2025-11-30 09:08:46 +08:00
commit ab158ea3e9
10 changed files with 5566 additions and 0 deletions
--- a/skills/aws-serverless-eda/references/performance-optimization.md
+++ b/skills/aws-serverless-eda/references/performance-optimization.md
@@ -0,0 +1,671 @@
+# Serverless Performance Optimization
+
+Performance optimization best practices for AWS Lambda and serverless architectures.
+
+## Table of Contents
+
+- [Lambda Execution Lifecycle](#lambda-execution-lifecycle)
+- [Cold Start Optimization](#cold-start-optimization)
+- [Memory and CPU Optimization](#memory-and-cpu-optimization)
+- [Package Size Optimization](#package-size-optimization)
+- [Initialization Optimization](#initialization-optimization)

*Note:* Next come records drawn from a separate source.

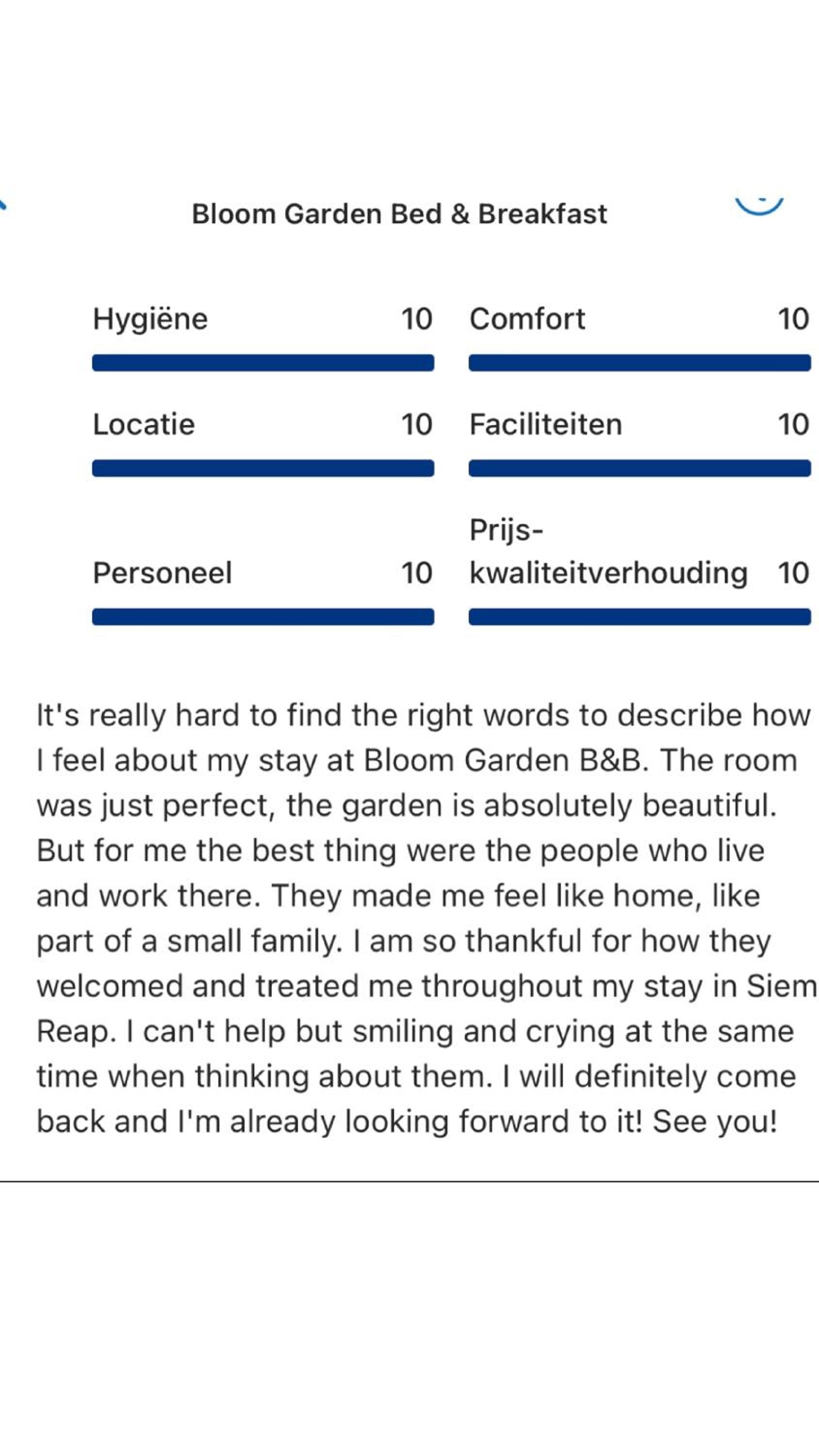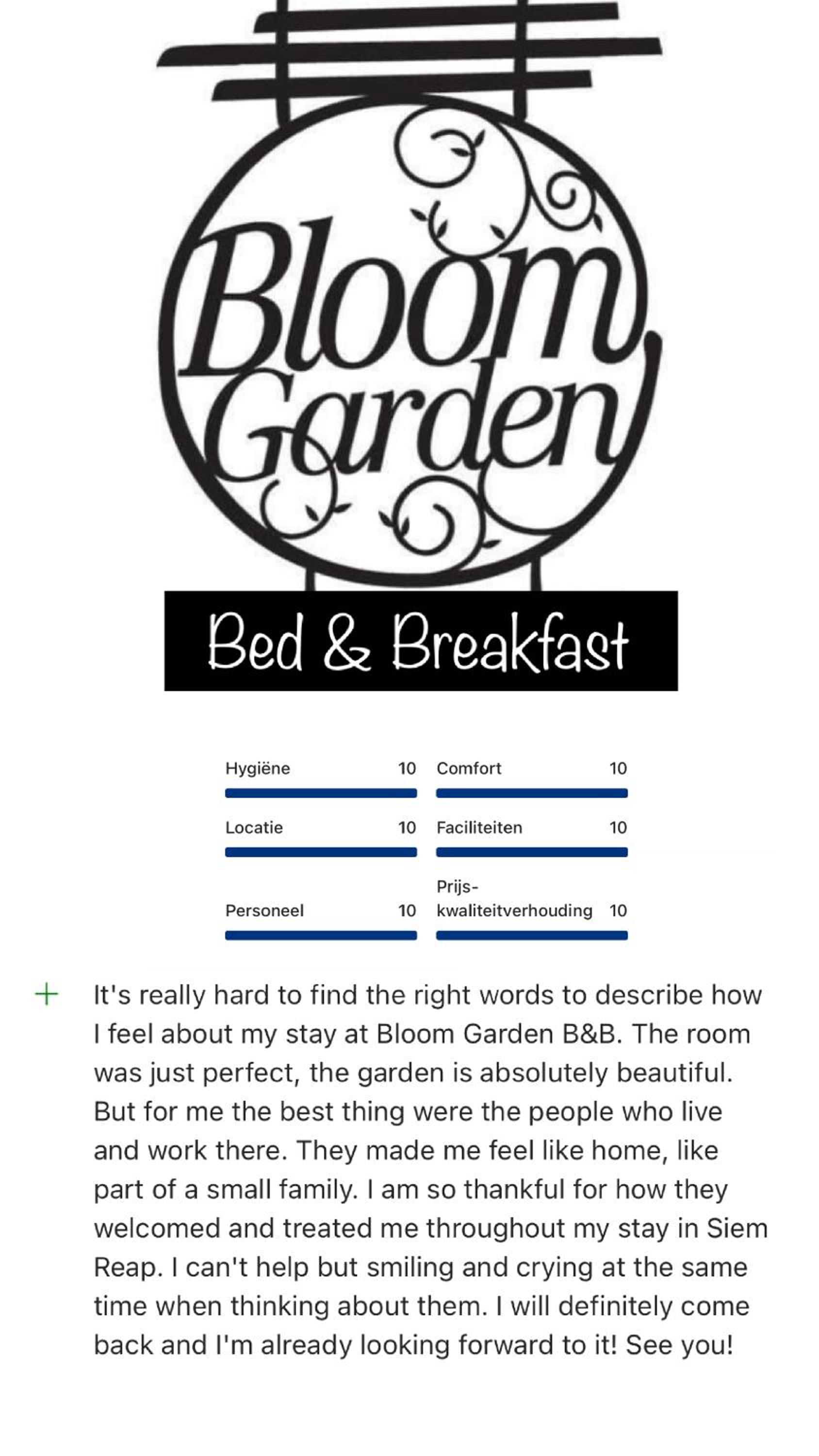 I had a wonderful time while staying with Peterhans and Panhea at Bloom Garden. A truly guesthouse where you will enjoy living in the peaceful house of this lovely couple. Peter will organize all the trips to Angkor Wat and other temples plus activities and transport. I could not ask for more. Thanks both for this beautiful experience. I hope one day I'll be able to come back.
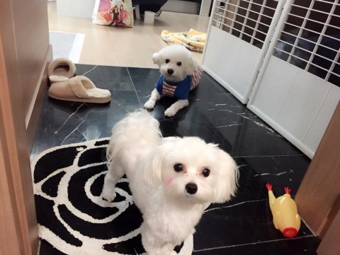 이건 애견펜션 사우나에서 형 비숑이랑 찍은 사진이에요.기회가 된다면 다음엔
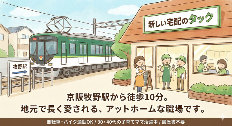 仕事内容 ▼ここが魅力! ・午前のみ3.5時間(10:00〜13:30)で無理なく勤務 ・扶養内勤務大歓迎! ・平日のみ!土日祝休み&急なお休みも柔軟対応 ・対面での接客なし◎ ・30代、40代の子育てママさん活躍中! ・服装・髪色・ネイル自由♪ブランク歓迎 ・京阪「牧野駅」徒歩10分&自転車通勤OK \「牛乳屋さん」のオフィスで、地域を支える一般事務/ 地元で親しまれる宅配サービスを支える、サポート業務です。 【主な業務内容】 ・電話応対(社内・既存取引先からの問い合わせ中心) ・注文データの入力(Excel・専用ソフトへの商品データ入力) ・顧客情報の入力・更新管理 ・書類整理や伝票の仕分けなど ◎難しい業務はありません。PCの基本操作ができればOK! ◎入社後は、ベテランスタッフと一緒にソフトの操作から研修します。 ◎久しぶりのパートも応援します! ◎正社員や事務の経験が無くてもOK! 【こんな方にぴったり】 ・短時間勤務で子育てと両立しながら働きたい ・扶養内で働きたい ・静かな環境でコツコツ作業したい ・対面での接客は苦手 ・地元で長く働きたい

+- [Runtime Performance](#runtime-performance)
+
+## Lambda Execution Lifecycle
+
+### Execution Environment Phases
+
+**Three phases of Lambda execution**:
+
+1. **Init Phase** (Cold Start):
+   - Download and unpack function package
+   - Create execution environment
+   - Initialize runtime
+   - Execute initialization code (outside handler)
+
+2. **Invoke Phase**:
+   - Execute handler code
+   - Return response
+   - Freeze execution environment
+
+3. **Shutdown Phase**:
+   - Runtime shutdown (after period of inactivity)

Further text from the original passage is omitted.